Behind the Scenes of Tournament Setup: Lukus Harvey, Director of Agronomy at Atlanta Athletic Club presented by John Deere
Pre-tournament setup isn’t just mowing greens, cutting cups, and raking bunkers. Golf course maintenance and agronomy are incredibly technical sciences so when it comes to preparing for an LPGA major championship, it’s important to have equipment and a staff that run like no other. This week’s tournament host, the Atlanta Athletic Club, is kept in championship shape thanks to John Deere.
There will be 252 cups cut this week by 85 members of the maintenance team including 18 holes on the Highlands Course and an additional 18 holes on the practice greens. Eighty-eight greens will be mown each day after the double-cutting of each one, typical of major championships, making for a total of 616 mows over the course of the tournament.

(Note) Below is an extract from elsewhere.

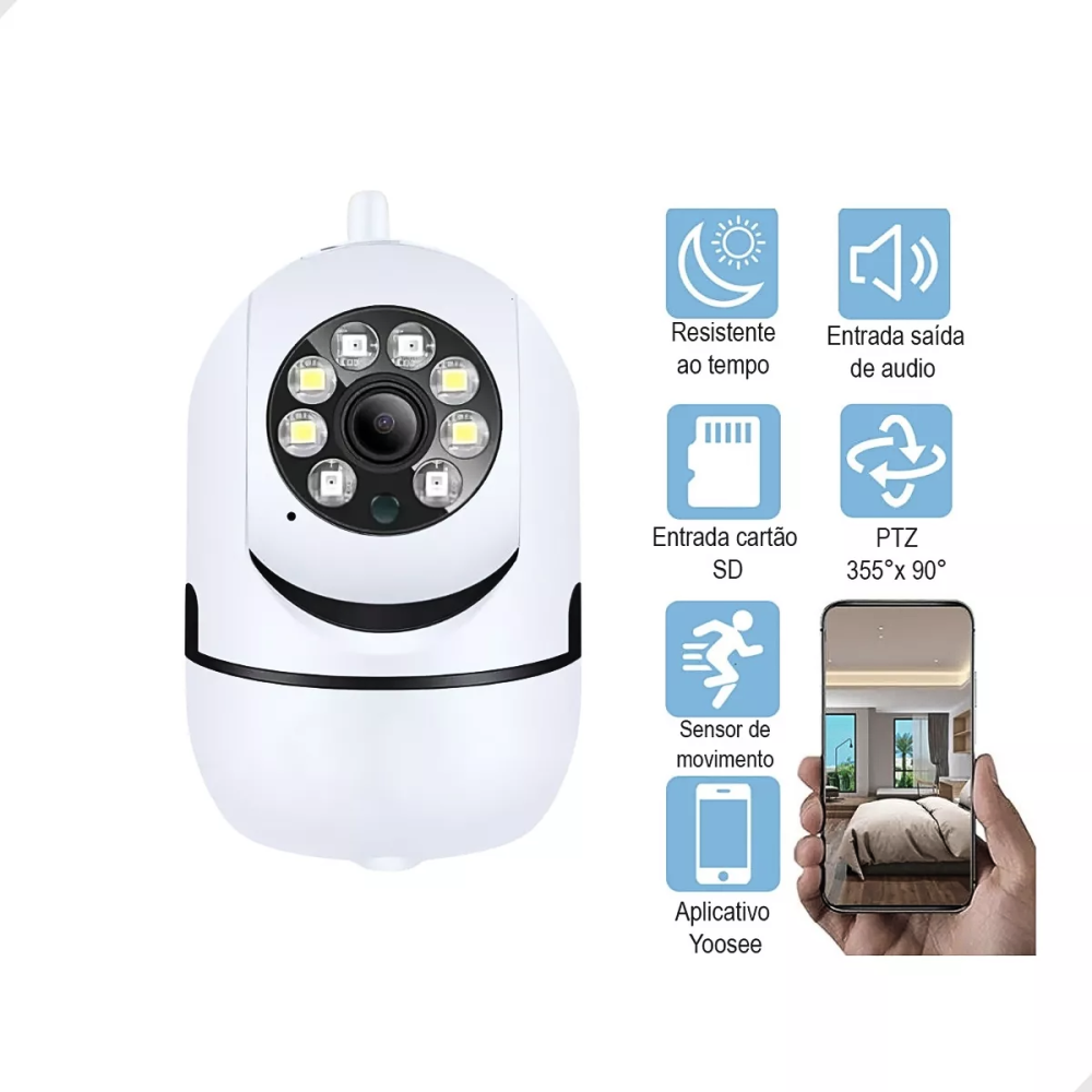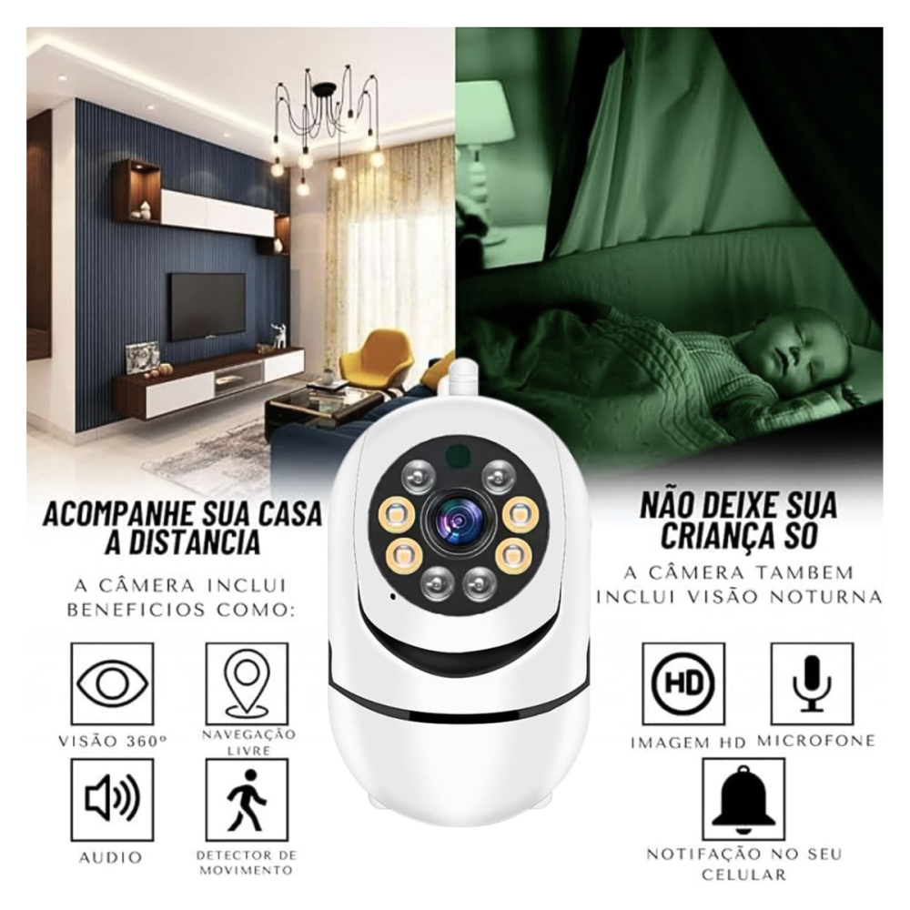 Câmera Segurança Babá Eletrônica WiFi Giro 360°

In simple terms, it is a lot of work to get a golf course ready for an LPGA Tour major championship. But Lukus Harvey, Director of Agronomy at Atlanta Athletic Club since 2010, knows that the effort will be worth it on Thursday when the first shots are struck at the KPMG Women’s PGA Championship. Harvey gives an inside look at what it takes to be a turfgrass professional, how a golf facility prepares to host the world’s best players, and how advancements in John Deere technology help his team maintain a high level of excellence in their tournament setup.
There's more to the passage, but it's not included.